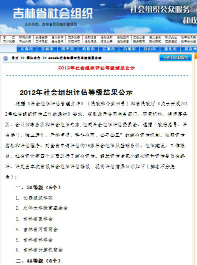 2012年社會(huì)組織評(píng)估等級(jí)結(jié)果公示
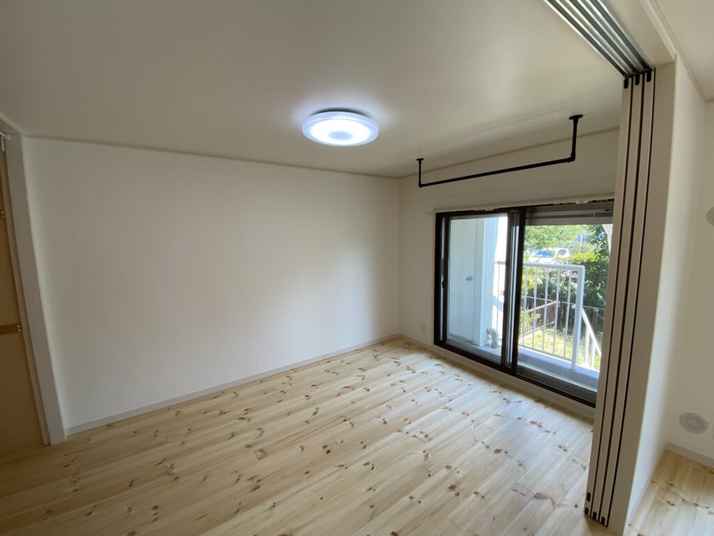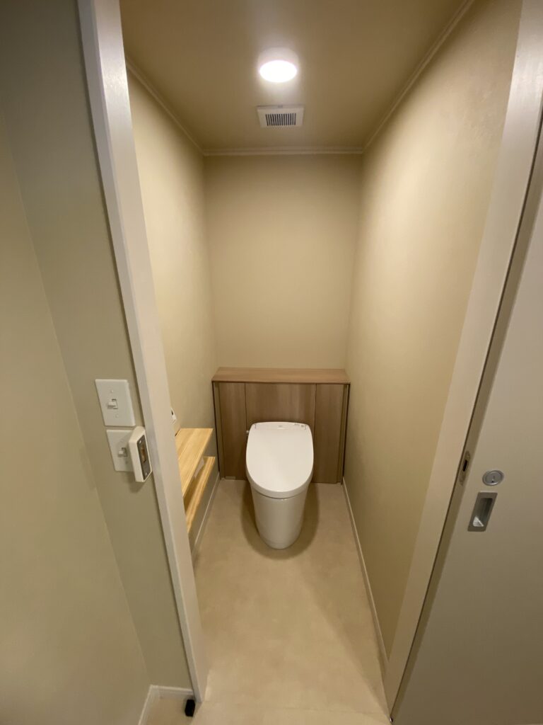 これらを踏まえ、玄関土間とつながる収納を新設し、玄関収納には有孔ベニヤを採用してフックで簡単に掛けられる便利なスタイルをご提案。洋室側からも使える収納を設け、生活動線の利便性を高めています。細長い形状の洗面室は出入口の位置や引き戸を工夫し、動線の煩雑さを解消しました。スイッチにはPanasonicクラシックシリーズを採用し、空間との調和を図っています。リビングには背の高い3枚引き込み戸を設置し、開放感のある広々とした空間を実現しました。
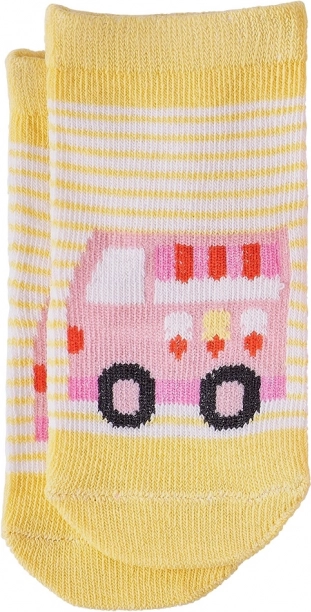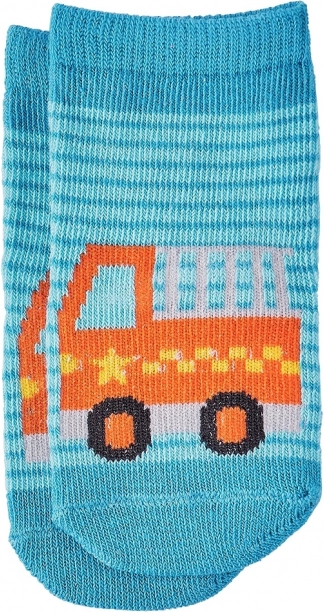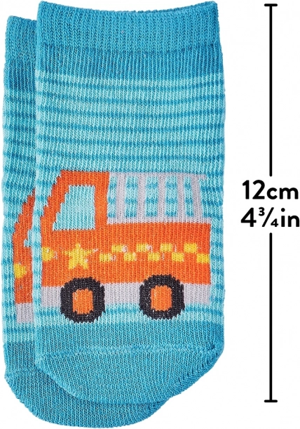 Roztomilé dětské ponožky z organické bavlny pro batolata dodají pohodlí i hravý styl. Na výběr jsou veselé motivy vozidel (autíčko, hasičské auto, zmrzlinářský či nákladní vůz) a měkoučký žebrovaný lem zajistí, že ponožky dobře drží na nožce. Skvělé jako ekologická volba pro citlivou dětskou pokožku.
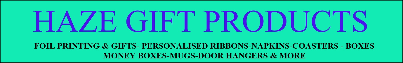 Haze Gift Products sell various Personalised Gifts, Ribbons,Foil Printing, Vinyl lettering and decals.. Ideal for events, Weddings, Birthday, Anniversaries,Funeral, Memorials and others. Includes personalised mugs, moneyboxes, napkins,boxes, doorhangers, small vinyl signs, ribbons for all occasions.

◆ WORK TO BE COMPLETED
Output the data exactly. Pictures don't belong in the result.

◆ ANSWER BOX
 2012年社會(huì)組織評(píng)估等級(jí)結(jié)果公示
 これらを踏まえ、玄関土間とつながる収納を新設し、玄関収納には有孔ベニヤを採用してフックで簡単に掛けられる便利なスタイルをご提案。洋室側からも使える収納を設け、生活動線の利便性を高めています。細長い形状の洗面室は出入口の位置や引き戸を工夫し、動線の煩雑さを解消しました。スイッチにはPanasonicクラシックシリーズを採用し、空間との調和を図っています。リビングには背の高い3枚引き込み戸を設置し、開放感のある広々とした空間を実現しました。
 Roztomilé dětské ponožky z organické bavlny pro batolata dodají pohodlí i hravý styl. Na výběr jsou veselé motivy vozidel (autíčko, hasičské auto, zmrzlinářský či nákladní vůz) a měkoučký žebrovaný lem zajistí, že ponožky dobře drží na nožce. Skvělé jako ekologická volba pro citlivou dětskou pokožku.
 Haze Gift Products sell various Personalised Gifts, Ribbons,Foil Printing, Vinyl lettering and decals.. Ideal for events, Weddings, Birthday, Anniversaries,Funeral, Memorials and others. Includes personalised mugs, moneyboxes, napkins,boxes, doorhangers, small vinyl signs, ribbons for all occasions.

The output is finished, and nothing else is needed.